Smell of Success: How to Get the Fish Smell off Your Hands

From the minute you handle your first fish of the day to the last one you release, that iconic smell is present on your hands. Fish smell, for many, is a sign of success and nostalgia. After all, the smellier your hands, the more fish you’ve caught. You may take pride in that stinky smell so why hide it? Well, your family might not share your same enthusiasm when you return home.

Like many anglers before you, you’ve likely scrubbed your hands with soap multiple times, yet that smell still lingers. Even after so many washes it’s still distinct. So how do you get your hands to smell normal again? In this article we’ll cover some easy methods and common sense home remedies to get the fish smell off your hands.

Why do Fish Smell Anyways?

All fish including bass, bream, and crappie have natural outer “slime” or mucus coatings that act as protective barriers in their watery environment. It keeps them safe from bacteria and other infections. Some fish are so slippery they can’t be grabbed by humans or predators. Unfortunately for our hands, the fish slime comes with an odor that doesn’t come off easily.

Using smaller fish as bait is another source of fishy smell. They too have a coating, and what’s worse: Dead fish contain bacteria in the flesh that breaks down a chemical called trimethylamine oxide as soon as the fish is exposed to air. That’s also the reason dead fish stink so much faster and worse than other animals.

Method 1: Stainless Steel

Surprisingly, stainless steel has a natural way of removing many strong odors. The chemicals responsible for unpleasant smell such as sulfur form compounds with the metals in stainless steel, neutralizing the bad smell. This ability to bind and eliminate is also what makes stainless steel resist rust.

Though a stainless steel kitchen knife works in a pinch, it’s better if you have something portable to get that fish smell off on the go. We recommend the Amco Rub-A-Way Bar, a bar of stainless steel for washing the fish smell off. You just rub it on all over your hands like you would a regular bar of soap. It works with or without water and it’s even dishwasher safe for when you cover it in fish. This is the easiest most renewable way to keep your hands free of fish smell for years to come.

Method 2: Chemically Neutralize the Smell

Many products have their own strong smell or odor-fighting capabilities. Not all of them work on fish smell but some do! You don’t have to search far on the internet to find fellow anglers having success with products such as:

  • Lemon juice
  • Vinegar
  • Mineral oil
  • Baking soda
  • Baby wipes

Lemon juice and vinegar work by dissolving the slime and replacing the fish smell with their own strong scent. These are great, cheap products you may already have around the house. Unlike stainless steel, these products will dry out your hands in the process, but that’s nothing a little time and moisturizer can’t fix. Mineral oil and baking soda both work great at removing any tough smell, though they’re notorious for being a slow deodorizer. They bind to the fish oils and neutralize the smell completely. Mineral oil is fantastic for cleaning a fishy cutting board, so keep that in mind after you fillet your dinner.

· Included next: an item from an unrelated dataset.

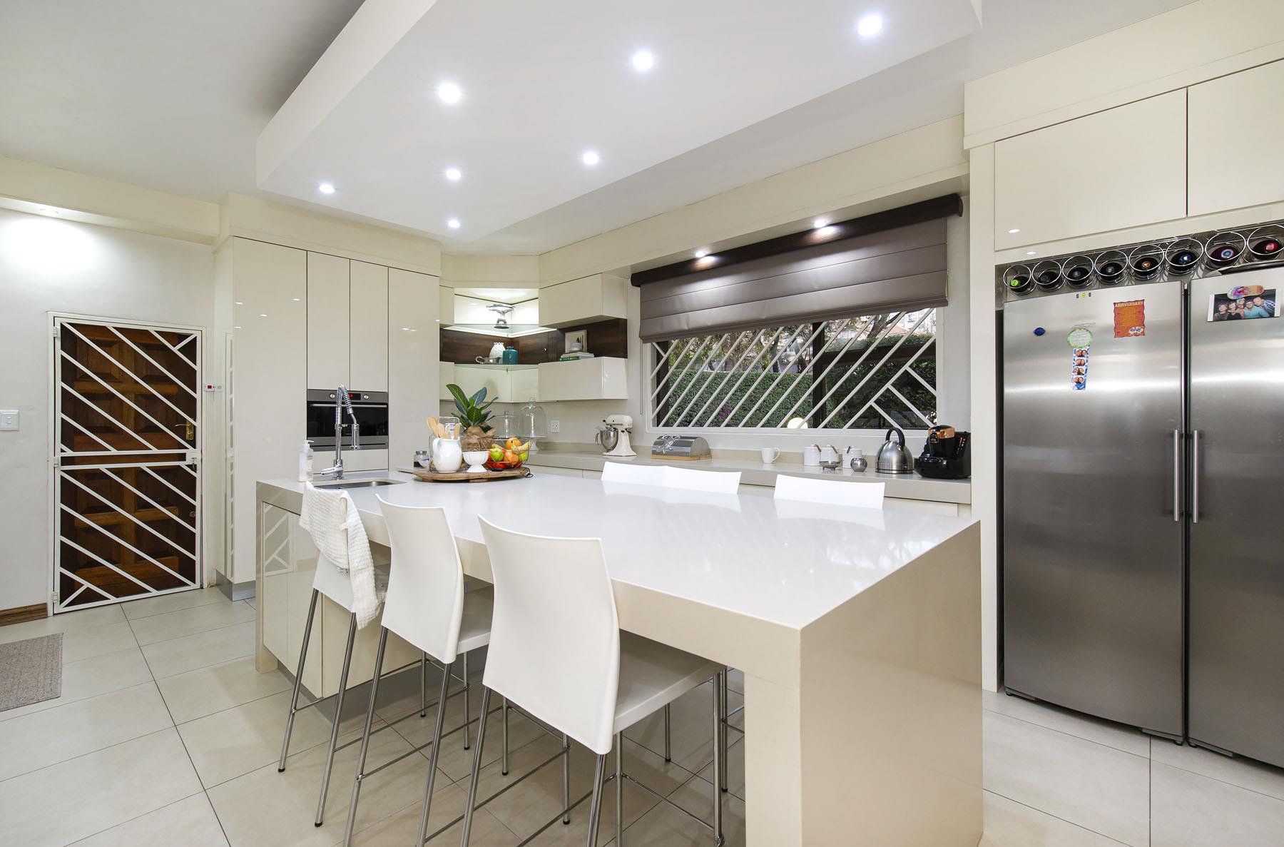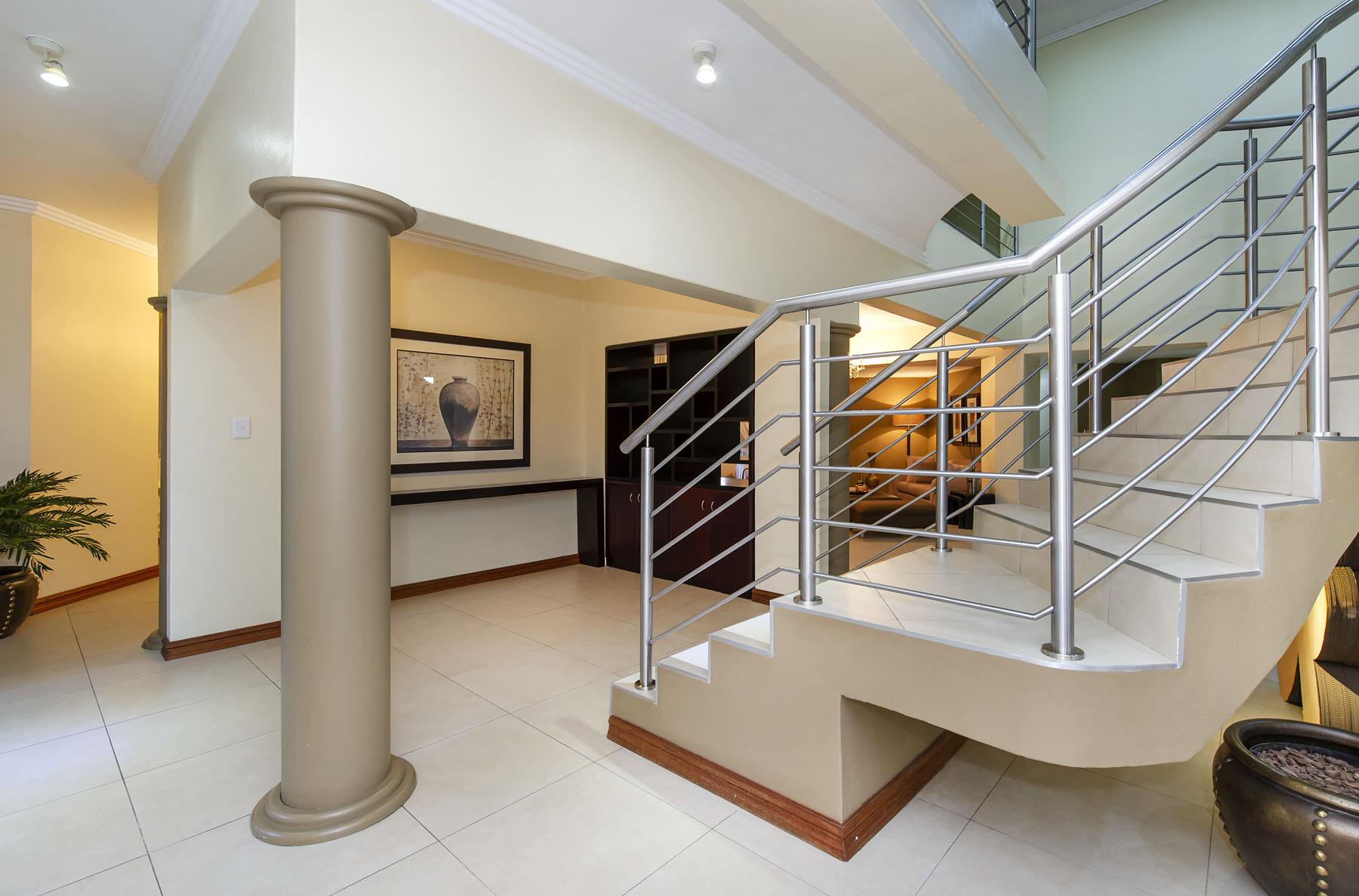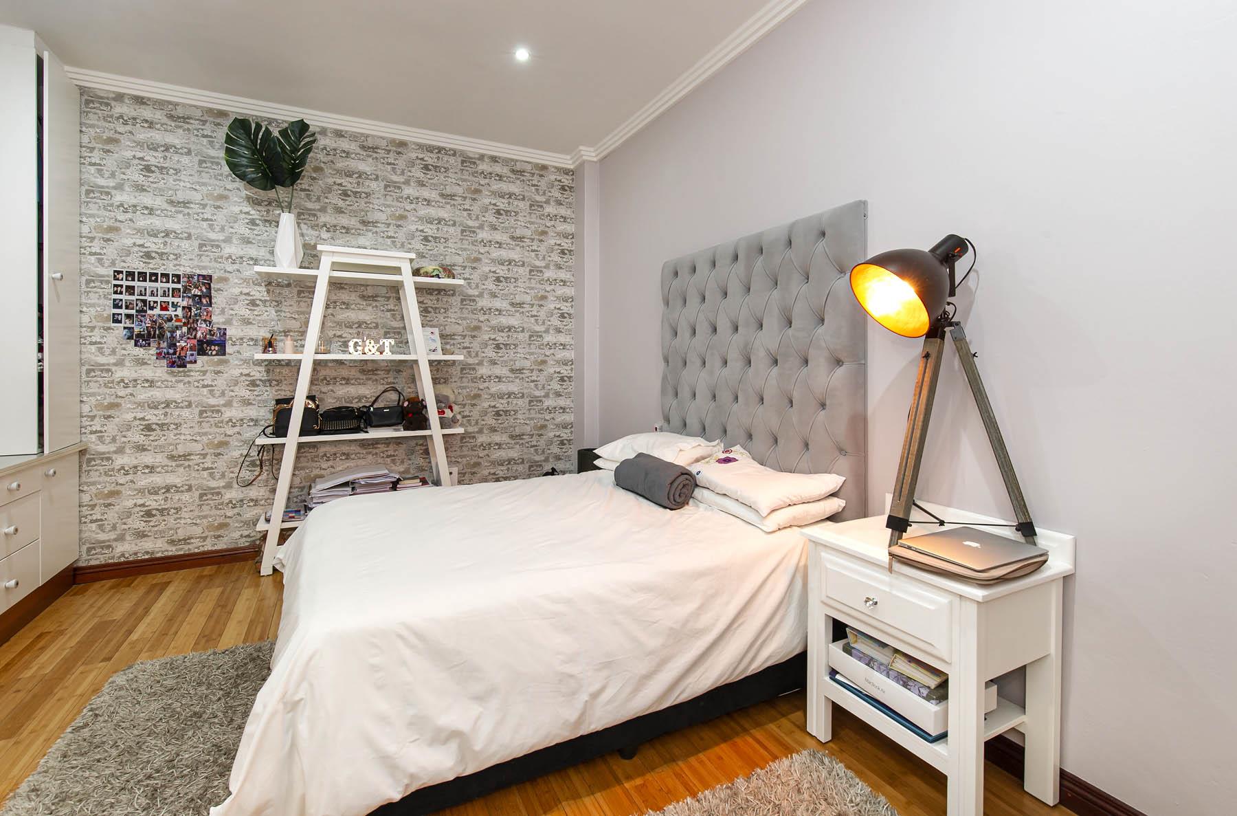 Upstairs accommodation in the Bedfordview home offers a very spacious central pajama lounge with for the family to congregate in the evenings with a coffee station and leads to four enormous bedrooms, four beautifully refurbished modern bathrooms all of which are en suite. The master bedroom is a tranquil and private haven with ultra large master bathroom with bath and shower with LED lighting feature as well as a dressing room. There is a fitted study upstairs.

Last but certainly not least, baby wipes are cheap and effective. If you have kids, you probably used baby wipes for everything long after diaper years. They clean most surfaces and neutralize many odors — it’s practically a parenting miracle. Baby wipes work great for hands, rods and whatever else you had to touch while covered in fish scent. Using baby wipes as you go also eliminates other harmful smells that keep fish from taking the bait.

Cobia - Catch of the Day

MyFWCmedia/Flickr

Method 3: Use Abrasive Cleaners

The reason regular soap won’t work on fish smell is because the smell transfers from the slime into your skin. That top layer of skin on your hands is now responsible for producing the odor. Removing this surface layer of skin through by using abrasive cleaners can rid yourself of the stinky oils contained within. Some great abrasive cleaners that work well on your hands include:

  • Liquid pumice style soap
  • Gojo Orange soap
  • Soap stones
  • Toothpaste

Toothpaste does great and you definitely have it in your house. Since toothpaste cleans your teeth by rubbing off the bacteria, it works great to rub off skin cells too. Using a toothpaste with baking soda works even better for the reasons we already talked about under Method 2. Just rinse the toothpaste off after a good scrub, just like you’d use soap, and your hands should be smelling fresh again.

Getting that fishy smell out is a challenge that your family probably struggles with worse than you do. whether you need clean hands to drive or prefer to clean up at home, these tips should get your hands smelling fresh and free of any fish smell.